The point is whether it does the right thing to all simlar dead code. Or if a human being has made the same analysis as you and added a shortcut that triggers when it sees this exact benchmark code.

The Mozilla guys clearly know this is dead code, do you really want them and every other javascript engine to be adding code targetted at this exact code snippet?

That's a good point; it appears to be doing legit dead code analysis, but the point still remains that if it's custom-tailored to detect that as dead code when it won't do it in the general case, it's cheating.

I may be eating my hat here, because I just replaced the cordicsincos() with the following:

  function numNumNum() {
    var I;
    var num = 10;
    for (I = 0; I < 10; I++) {
      num = num * num * num * num * num % num;
Using the same benchmarking framework, I get these times:

  Chrome: 849.5ms
      IE: 1226.4ms
That would seem to satisfy all the previous conditions - no leaked scope, no return, no external functions - but it doesn't get optimized away.

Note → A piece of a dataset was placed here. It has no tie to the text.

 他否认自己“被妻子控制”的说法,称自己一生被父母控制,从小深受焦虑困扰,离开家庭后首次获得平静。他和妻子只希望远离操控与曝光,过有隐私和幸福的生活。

I'd assumed that by "cheating", it would be hot-swapping that benchmark's bytecode for optimized bytecode, or running a function in C or something, rather than just cheating on the dead code optimization. Bad assumptions make for bad benchmarks!

Witch hunt on!

Cheald, could yu run this test:

function numNumNum() { var I; var num = 10; for (I = 0; I < 10; I++) { num = num + num + num + num + num - num; } }

See if that changes the results?

Sure. That does, in fact, optimize well!

Edit: I just published my testing setup here: https://github.com/cheald/SunSpider-deadcode

  --- tests/sunspider-0.9.1/math-cordic.js        2010-11-17 00:55:29.000000000 -0700
  +++ tests/sunspider-0.9.1-deadcode/math-cordic.js       2010-11-17 15:08:43.000000000 -0700
  @@ -80,11 +80,15 @@

   ///// End CORDIC

  +function numNumNum() { var I; var num = 10; for (I = 0; I < 10; I++) { num = num + num + num + num + num - num; } }
  +///// End CORDIC
   function cordic( runs ) {
     var start = new Date();

     for ( var i = 0 ; i < runs ; i++ ) {
  -      cordicsincos();
  +      numNumNum();

     var end = new Date();

  Chrome: 19.2ms
      IE: 1.0ms

I think this is just fragility, not cheating. I don't know JS super well, but in some languages you might see some rules associated with certain operations and preserving over/under flow exceptions and such.

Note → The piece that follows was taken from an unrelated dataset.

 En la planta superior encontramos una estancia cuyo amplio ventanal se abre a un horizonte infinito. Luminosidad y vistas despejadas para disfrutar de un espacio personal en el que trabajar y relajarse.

In any case I think a few things happened here:

1) For whatever reason the "true" statement caused the compiler to think there was a side-effect potential. I suspect the compiler simply didn't know what to do with it, and they hadn't handled 'true;' or 'false;' as standalone statements in their optimizer. I bet if you put 'true;' in the middle of that loop it will break the DCE.

2) The probably don't do liveness analysis. So they can see that a block doesn't change global state, but don't look to see if the proceeding blocks use any of the variables. So if there is any code after a block they assume that they can't DCE that block.

3) '*' and '%' causing problems may be very specific to those operations, and I'm guessing '/' too.

All in all I'd say it is a target incomplete implementation, but not cheating. Based on what I've seen thus far.

And also, thanks for doing the run and posting a link to your setup.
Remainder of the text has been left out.